-- Data block follows --

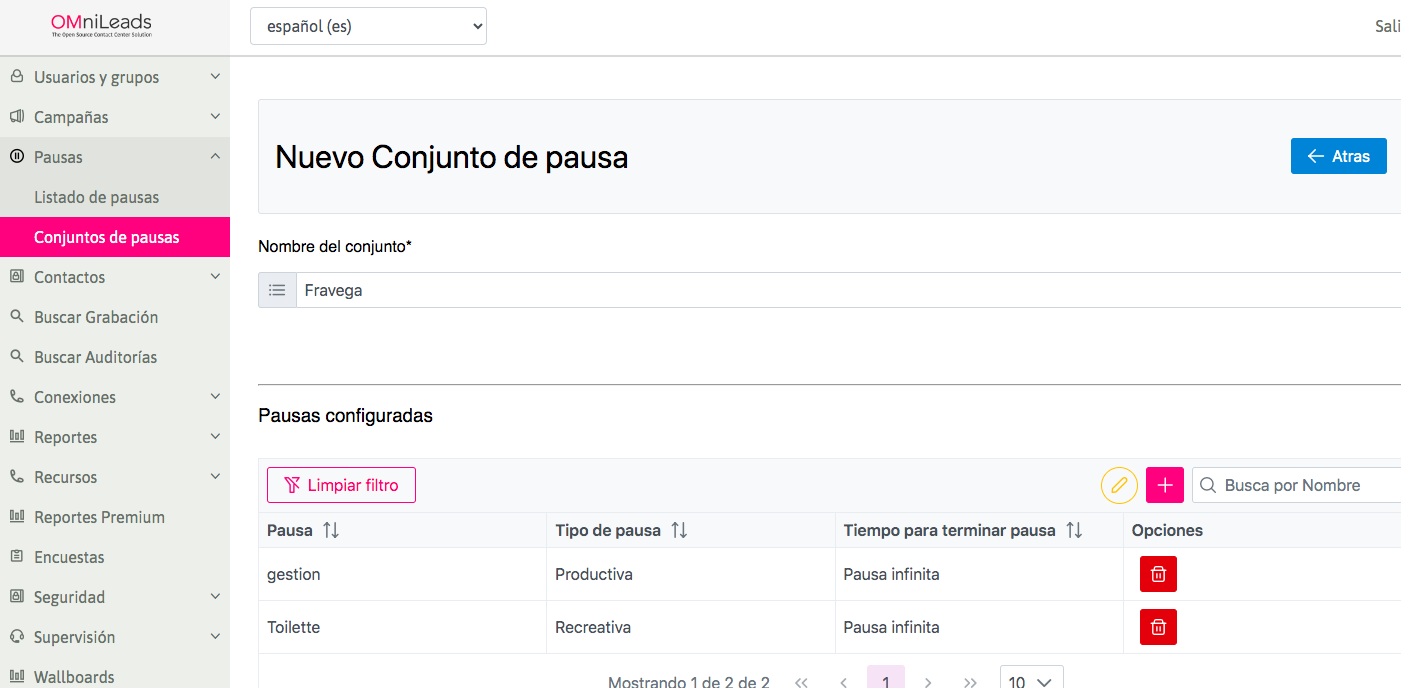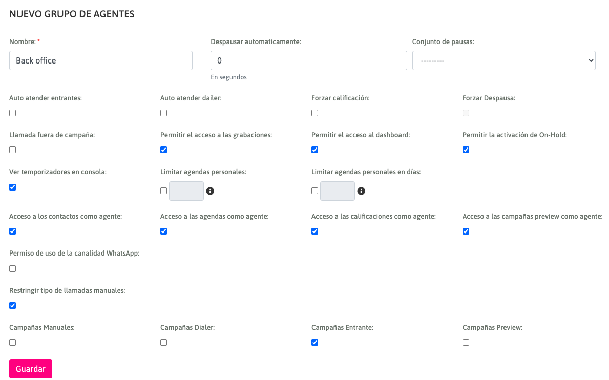 Conjunto de pausas: Aquí se presenta la posibilidad de asignar un grupo de pausas (previamente creado) al grupo de agentes, para que así los agentes que formen parte de dicho grupo, no visualicen todas las pausas, sino únicamente aquellas que forman parte del grupo de pausas asignado.
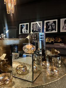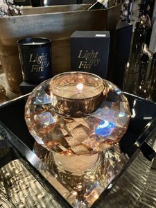 Telysholder i farget glass som gir et varmt lys og masse refleksjoner fra de slipte kantene.
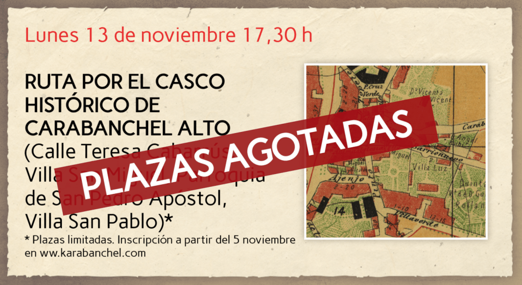 Las plazas para las rutas por el casco histórico de Carabanchel Alto y la finca de Las Piqueñas se han agotado. Gracias a todos por el interés.

-- Data block concluded --

> Task statement: Output the listing above in full and exactly, with pictures excluded.

> Written response:
 Conjunto de pausas: Aquí se presenta la posibilidad de asignar un grupo de pausas (previamente creado) al grupo de agentes, para que así los agentes que formen parte de dicho grupo, no visualicen todas las pausas, sino únicamente aquellas que forman parte del grupo de pausas asignado.
 Telysholder i farget glass som gir et varmt lys og masse refleksjoner fra de slipte kantene.
 Las plazas para las rutas por el casco histórico de Carabanchel Alto y la finca de Las Piqueñas se han agotado. Gracias a todos por el interés.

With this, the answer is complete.